Exercise brief
Your task is to print, exactly and only, the lines from the start of the entries below through the line with "小柄さん、高身長さんも安心!自分で好きな丈にカットできるプリーツパンツ". Include both ends, but skip the pictures.

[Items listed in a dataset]
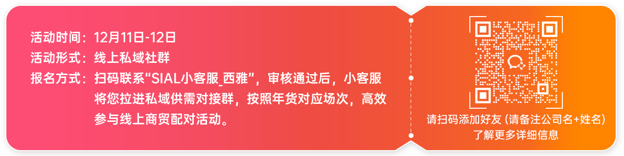 為助力品牌商、經銷商、商超等食飲全產業鏈打好年底最硬的一場“戰役”,SIAL西雅展于12月11日-12日正式啟動線上供需對接活動——“SIAL西雅展秋冬食飲采購節”。
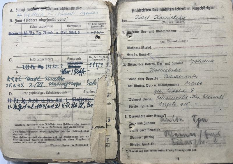 1) "Zweitschrift" Soldbuch of Pz.Jäg.Abt.2 Konietzke (photo missing,few pages loose but complete)
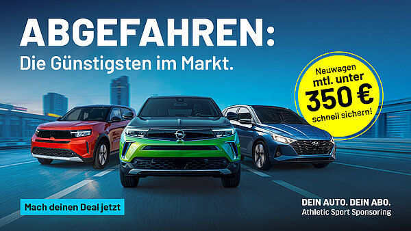 (ANZEIGE) Der Sommer geht in die Endrunde; die Preise bei unserem Partner Athletic Sport Sponsoring schmelzen dahin – aber nur, solange der Vorrat reicht! Sei also schnell, wenn du einen Neuwagen unter 350 € monatlich im sorgenfreien Auto-Abo fahren willst.
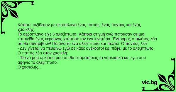 Κάποτε ταξίδευαν με αεροπλάνο ένας παπάς, ένας πόντιος και ένας χασικλής.
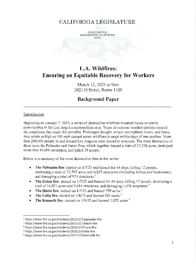 CALIFORNIA LEGISLATURE STATE CAPITOL SACRAMENTO, CALIFORNIA 95814L.A. Wildfires: Ensuring an Equitable Recovery for Workers March 12, 2025 at 9am 1021 O Street, Room 1100Background Paper IntroductionBeginning
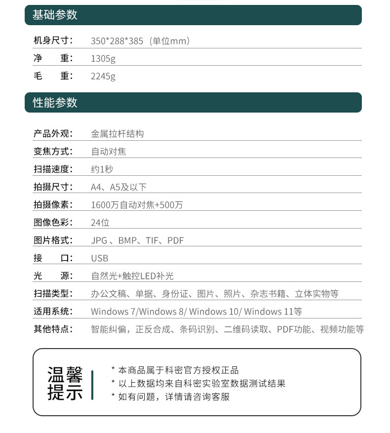 商品名称:科密 D4412 高拍仪 1600万+500万双摄A4扫描仪 OCR办公资料文件图片编辑优化 支持二次开发定制 单位:台
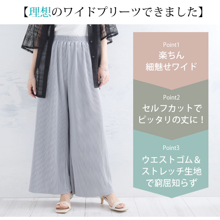 小柄さん、高身長さんも安心!自分で好きな丈にカットできるプリーツパンツ
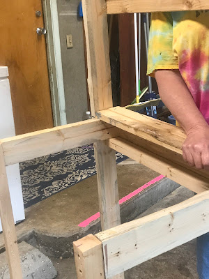 This past summer, my friend and I grabbed a bunch of spare wood and set to work building a potting table for my shed. The day was chilly and rainy but we hung out in the garage and got to work.
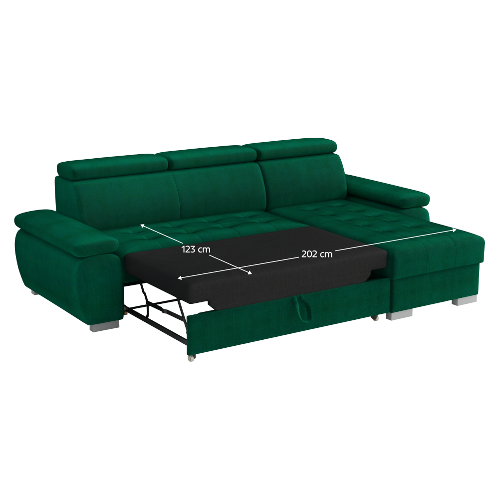 Sarok ülőgarnitúra, zöld, jobbos, SEMI ROH
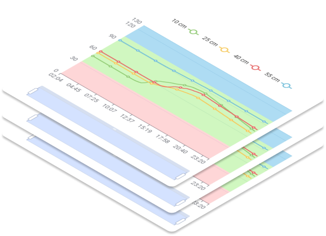 AquaX permet une surveillance constante de l'humidité du sol à différentes profondeurs, offrant ainsi une vision précise de l'état du sol dans vos parcelles.

Reply
 為助力品牌商、經銷商、商超等食飲全產業鏈打好年底最硬的一場“戰役”,SIAL西雅展于12月11日-12日正式啟動線上供需對接活動——“SIAL西雅展秋冬食飲采購節”。
 1) "Zweitschrift" Soldbuch of Pz.Jäg.Abt.2 Konietzke (photo missing,few pages loose but complete)
 (ANZEIGE) Der Sommer geht in die Endrunde; die Preise bei unserem Partner Athletic Sport Sponsoring schmelzen dahin – aber nur, solange der Vorrat reicht! Sei also schnell, wenn du einen Neuwagen unter 350 € monatlich im sorgenfreien Auto-Abo fahren willst.
 Κάποτε ταξίδευαν με αεροπλάνο ένας παπάς, ένας πόντιος και ένας χασικλής.
 CALIFORNIA LEGISLATURE STATE CAPITOL SACRAMENTO, CALIFORNIA 95814L.A. Wildfires: Ensuring an Equitable Recovery for Workers March 12, 2025 at 9am 1021 O Street, Room 1100Background Paper IntroductionBeginning
 商品名称:科密 D4412 高拍仪 1600万+500万双摄A4扫描仪 OCR办公资料文件图片编辑优化 支持二次开发定制 单位:台
 小柄さん、高身長さんも安心!自分で好きな丈にカットできるプリーツパンツ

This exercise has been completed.